Burford Capital Limited, the leading global finance and asset management firm focused on law, today announces its financial results for the six-month period ended June 30, 2021 (“1H 2021”). All figures in this disclosure are unaudited and presented on a Burford-only basis, unless otherwise stated. Burford’s complete 1H 2021 interim report and IFRS accounts are available at http://www.rns-pdf.londonstockexchange.com/rns/2971L_1-2021-9-9.pdf or www.burfordcapital.com/shareholders.
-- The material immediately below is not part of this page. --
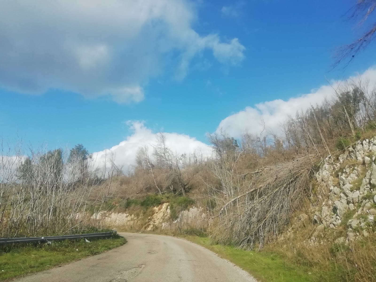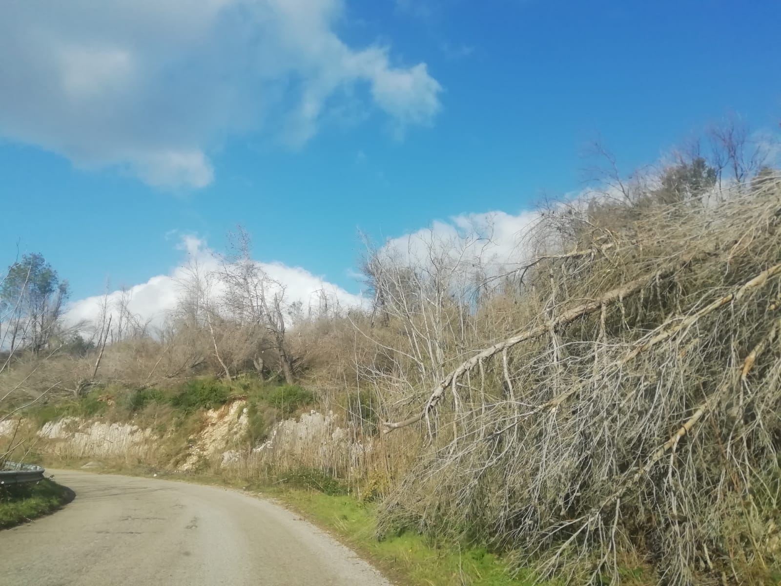 Una scena davvero triste, quella che si presenta in questa area, una volta il polmone della città. La strada asfaltata al momento è quasi impercorribile, letteralmente invasa dai rami degli alberi.

Definitions, reconciliations and information additional to those set out below are also available on the Burford website and in our Interim Report 2021.


  • Record new business, with Group-wide capital provision-direct new commitments up 334% to $503 million (1H 2020: $116 million) and deployments up 229% to $398 million (1H 2020: $121 million)
  • Portfolio grew to $4.8 billion Group-wide (Dec 31, 2020: $4.5 billion) driven by new business growth
  • Portfolio return on invested capital from capital provision-direct assets increased to 95% (Dec 31, 2020: 92%), despite limited case progress and realizations due in part to Covid-related delays
    • Net realized gains of $77 million
    • Realized losses of $5 million represented a loss rate of 0.5%
  • US GAAP conversion under consideration for yearend reporting
  • Net accounting loss after tax of $67 million given previously disclosed non-cash accruals
    • Adjusted for non-cash fair value adjustments and expense accruals, profit after tax of $17 million
  • More than $430 million of cash assets on hand
    • Receivable of $103 million fully collected since period-end
  • Declared interim 2021 dividend of 6.25¢ per share payable on December 2, 2021 to shareholders of record on November 12, 2021

Hugh Steven Wilson, Chairman of Burford Capital, commented:

“Burford has made significant progress in the first half of 2021 in returning to pre-pandemic levels of new business, laying the foundation for future potential income. I would like to congratulate our people for their contribution to Burford’s exciting momentum and also to thank our other stakeholders for their continued support as we strive to become a larger and more highly valued company.”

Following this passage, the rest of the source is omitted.